Уже луна поднялась высоко и выстелила на полу серебристые коврики. Дед Василек закашлял, спросил сиплым голосом:
— Не спишь, парень?
— Что-то и усталость не берет, — отозвался Маркел.
— А я вот случай один припомнил. Пустяшный, а никак из головы не идет. По осени ишшо ездил в Каинск — хотел начальство какое ни на есть разыскать, штобы, значит, деньги-то мне, какие честным трудом заробил, выдали. Ну, сунулся в одно присутствие — к прокурору, што ли, а там этот... швицар... Морда — с похмелья не уделаешь, усищи — по аршину. Кэ-эк гаркнет на меня: куда, мол, в грязных сапожищах прешь! Я пробкой вылетел, у забора полыни наломал, да рази ей вычистишь? Только озеленил их, сапоги- то. А тут, на углу, татарин сидит — щетки у него и все прочее.
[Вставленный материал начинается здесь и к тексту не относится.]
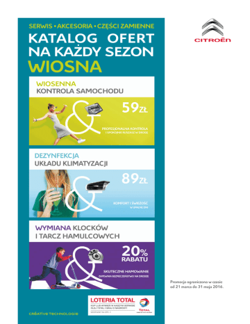 SERWIS AKCESORIA CZĘŚCI ZAMIENNE KATALOG OFERT NA KAŻDY SEZON WIOSENNA KONTROLA SAMOCHODU 59ZŁ PROFESJONALNA KONTROLA I SPOKOJNIE RUSZASZ W DROGĘ 89ZŁ KOMFORT I ŚWIEŻOŚĆ W UPALNE DNI 20 % RABATU SKUTECZNE HAMOWANIE ZAPEWNIA BEZPIECZEŃSTWO NA DRODZE Promocja ograniczona w czasie od 21 marca do 31 maja 2016. 3 20% RABATU DLA WSZYSTKICH MODELI SAMOCHODÓW MARKI CITROËN POWYŻEJ 2 LAT OCHRONA SILNIKA DZIĘKI REGULARNEJ WYMIANIE OLEJU Z FILTREM OFERTA DOTYCZY WYMIANY OLEJU SILNIKOWEGO NA OLEJ TOTAL ORAZ FILTRA NA ORYGINALNY FILTR OLEJU CITROËNA PRZYKŁADY: Do modelu / Opis NOWY CITROËN C3 WSZYSTKIE SILNIKI Rodzaj oleju TOTAL TOTAL QUARTZ 7000 10W40 OLEJ PÓŁSYNTETYCZNY TOTAL QUARTZ INEO ECS 5W30 OLEJ SYNTETYCZNY CENA PROMOCYJNA WYMIANY OLEJU WRAZ Z FILTREM 179 zł 249 zł W OFERCIE POSIADAMY TAKŻE INNE OLEJE TOTAL. CENA WYMIANY JEST WÓWCZAS INNA NIŻ PODANA W PRZYKŁADZIE. 2 3 20% RABATU DLA WSZYSTKICH MODELI SAMOCHODÓW MARKI CITROËN POWYŻEJ 2 LAT NA ROBOCIZNĘ I CZĘŚCI ZAMIENNE UŻYTE W PONIŻSZYCH USŁUGACH WARTO WIEDZIEĆ Klocki hamulcowe stanowią jeden z najważniejszych elementów w układzie hamulcowym. Układ hamulcowy jest jednym z najważniejszych układów w samochodzie. Jego sprawność bezpośrednio wpływa na bezpieczeństwo na drodze. Mocno zużyte klocki powodują zmniejszenie skuteczności działania układu hamulcowego oraz prowadzą do zniszczenia powierzchni tarcz hamulcowych. WARTO WIEDZIEĆ Ta r c z e h a m u l c o w e m a j ą d u ż y w p ł y w n a bezpieczeństwo. Ich wymiany należy dokonać gdy grubość tarczy spadnie do określonej przez producenta, jako minimalna. Wymiany należy dokonać także, kiedy tarcze są odkształcone, mają wgłębienia lub są skorodowane. Montaż nowych tarcz zawsze pociąga za sobą konieczność wymiany klocków hamulcowych. PRZYKŁADY: CENA PROMOCYJNA Nr referencyjny CZĘŚCI I ROBOCIZNY Do modelu CITROËN C4 PICASSO, CITROËN BERLINGO 3 SILNIKI 1.6i 4254 25 306 zł CITROËN C-ELYSEE 16 111 406 80 CITROËN C3 II, CITROËN C3 PICASSO, NOWY CITROËN C3 16 112 939 80 345 zł 349 zł PRZYKŁADY: Do modelu CITROËN C-ELYSEE CITROËN C4 PICASSO, CITROËN BERLINGO 3 SILNIKI 1.6i Nr referencyjny Klocki Tarcze 16 111 406 80 4249 83 765 zł 4254 25 4249 J6 773 zł 4249 83 785 zł CITROËN C3 II, CITROËN C3 PICASSO, 16 112 939 80 NOWY CITROËN C3 WARTO WIEDZIEĆ Sprzęgło jest jednym z podstawowych elementów odpowiadających za działanie samochodu. Kontroluje ono moc silnika, która przekazywana jest na koła pojazdu, napędzające całą jego masę. Usterka sprzęgła zwykle kończy się unieruchomieniem samochodu. PRZYKŁADY: Do modelu CITROËN C3 SILNIKI 1.6i WARTO WIEDZIEĆ 16 112 849 80 2052 Z1 1 193 zł 1 359 zł 1 858 zł PRZYKŁADY: Do modelu 4 CENA PROMOCYJNA Nr referencyjny CZĘŚCI I ROBOCIZNY 2053 09 CITROËN C3, CITROËN C ELYSEE SILNIKI 1.2i CITROËN C4 PICASSO, CITROËN C5 SILNIKI 1.6 HDi Układ rozrządu to jeden z najważniejszych elementów silników spalinowych we współczesnych samochodach. Podlega on regularnej wymianie, i koniecznie należy stosować się do zaleceń producenta samochodu w tej kwestii. Zerwanie paska rozrządu podczas jazdy może spowodować w silniku bardzo duże uszkodzenia. CENA PROMOCYJNA CZĘŚCI I ROBOCIZNY CITROËN C3, CITROËN BERLINGO SILNIKI 1.4i CITROËN C3 SILNIKI 1.4 HDi CITROËN C3, CITROËN C4 PICASSO, CITROËN BERLINGO, CITROËN C5 SILNIKI 1.6 HDi CENA PROMOCYJNA Nr referencyjny CZĘŚCI I ROBOCIZNY 0831 S0 501 zł 0831 T3 621 zł 0831 V4 682 zł UWAGA: CENY USŁUG ZOSTAŁY SKALKULOWANE Z UWZGLĘDNIENIEM NORM CZASOWYCH AUTOMOBILES CITROËNA ORAZ ŚREDNICH STAWEK ROBOCIZNY STOSOWANYCH W SIECI AUTORYZOWANYCH SERWISÓW CITROEN. CENY RZECZYWISTE MOGĄ NIEZNACZNIE RÓŻNIĆ SIĘ OD TYCH PODANYCH W BROSZURZE. PODANE CENY ZAWIERAJĄ CZĘŚCI ZAMIENNE, USŁUGĘ WYMIANY ORAZ PODATEK VAT I DOTYCZĄ WYBRANYCH MODELI. DOKŁADNĄ CENĘ DLA TWOJEGO SAMOCHODU SPRAWDŹ W AUTORYZOWANYM SERWISIE CITROËNA. 20% RABATU DLA WSZYSTKICH MODELI SAMOCHODÓW MARKI CITROËN POWYŻEJ 2 LAT NA ROBOCIZNĘ I CZĘŚCI ZAMIENNE UŻYTE W PONIŻSZYCH USŁUGACH WARTO WIEDZIEĆ PRZYKŁADY: Nr referencyjny Do modelu CITROËN C4 PICASSO 98 090 457 80 CITROËN C3 PICASSO, CITROËN C-ELYSEE 5087 69 lub 5087 68 CITROËN C4, CITROËN C4 PICASSO, CITROËN BERLINGO 3 16 142 811 80 Łącznik stabilizatora jest pracującym skrętnie, elastycznym elementem, który łączy ze sobą zawieszenia prawego i lewego koła jednej osi samochodu. Usterka łącznika może się objawić niepewnym i niestabilnym zachowaniem podczas manewru skręcania, tym samym powodując niebezpieczne zachowania na drodze. CENA PROMOCYJNA CZĘŚCI I ROBOCIZNY 138 zł 139 zł 170 zł WARTO WIEDZIEĆ Amortyzatory są bardzo ważnymi elementami zawieszenia samochodu wpływającymi na bezpieczeństwo. Nie tylko tłumią drgania powstające podczas jazdy, ale przed wszystkim odpowiadają za przyczepność kół do nawierzchni. Jazda z niesprawnie działającymi amortyzatorami sprawi, że koła samochodu będą odrywać się od nawierzchni. Auto przez to będzie bardziej skłonne do poślizgów. NOWOŚĆ WIZYTA W SERWISIE ON-LINE TERAZ NA WYKONANIE WIZYTY W SERWISIE MOŻESZ UMÓWIĆ SIĘ PRZEZ INTERNET W KAŻDEJ CHWILI ! SPRAWDŹ NA WWW.CITROEN.PL OD ROZWIĄZANIE ZAPEWNIAJĄCE ZUPEŁNIE NOWY STANDARD! POZWALA ZAOSZCZĘDZIĆ CI CZAS, KTÓRY MUSIAŁBYŚ POŚWIĘCIĆ NA SAMODZIELNY DOJAZD DO SERWISU I OCZEKIWANIE NA WYKONANIE ZLECONEJ USŁUGI. OBEJMUJE KAŻDĄ USŁUGĘ ZWIĄZANĄ Z TWOIM SAMOCHODEM I POLEGA NA: 30ZŁ NOWOŚĆ ODBIORZE TWOJEGO SAMOCHODU PRZEZ PRACOWNIKA ASO CITROËN ZE WSKAZANEGO PRZEZ CIEBIE MIEJSCA, WYKONANIU ZLECONEJ USŁUGI W ASO CITROËN, DOSTARCZENIU TWOJEGO SAMOCHODU PRZEZ PRACOWNIKA ASO CITROËN WE WSKAZANE PRZEZ CIEBIE MIEJSCE. KOSZT USŁUGI TRANSPORTU SAMOCHODU OD / DO KLIENTA: OD 30 ZŁ W JEDNĄ STRONĘ OD 60 ZŁ W DWIE STRONY ODBIÓR SAMOCHODU OD KLIENTA (NP. PRACA/DOM) LUB DOSTAWA DO KLIENTA PO NAPRAWIE ODBIÓR SAMOC

Я бочком к нему: дозволь, мил человек, обувку почистить? А он схватил меня за ногу и давай сразу двумя щетками сапог мой шваркать. Я со стыдобы готов скрозь землю провалиться: виданное ли дело — человек у ног моих ползает, вроде раба какого... И, видать, хворый он совсем, татарин-то. Трясучка его бьет, голова, как у петуха, дергается. А возле — целая куча всякой обувки навалена. Давай, говорю, всю остатнюю обувь помогу тебе вычистить. Он башкой закрутил: не можно, не можно, господин. Моя — работай, твоя — гроши плати... Ну, отдал я ему какие были деньги, а совесть до сих пор грызет...
— Это не так страшно, дед. Какое же тут рабство? — усмехнулся Маркел. — Просто в новинку тебе, а человек действительно на пропитание зарабатывает.
— А ежели я ради потехи сапогом-то в коровий шевяк ступил бы? Он ить все одно обязан чистить... за деньги?
Спорить с дедом Васильком бесполезно, И раньше примечал Маркел за ним такие странности.
И он спросил, чтобы перевести разговор на другое:
— На самом деле хочешь уходить из лесу к своей старухе? А жалко. Чубыкин узнает — огорчится. Сейчас ты здесь партизанам позарез нужен. Твоя изба — как первый сторожевой пикет по дороге на Косманку.
Старик ничего не ответил. Притворился, что спит.
Полная луна низко опустилась над лесом, стала большой и красной. И теперь уже на стене развесила не серебристые, а розовые коврики...
Каратели пожаловали через трое суток, в такую же лунную ночь. Серый во дворе зашелся в истошном лае, бешено рвался с цепи. Дед Василек вскочил с нар, бросился к окну:
— Они!..
У Маркела тоже сон, как рукой, сняло, он следом за стариком прильнул лицом к холодному стеклу. Никого не было видно в голубом лунном сиянии.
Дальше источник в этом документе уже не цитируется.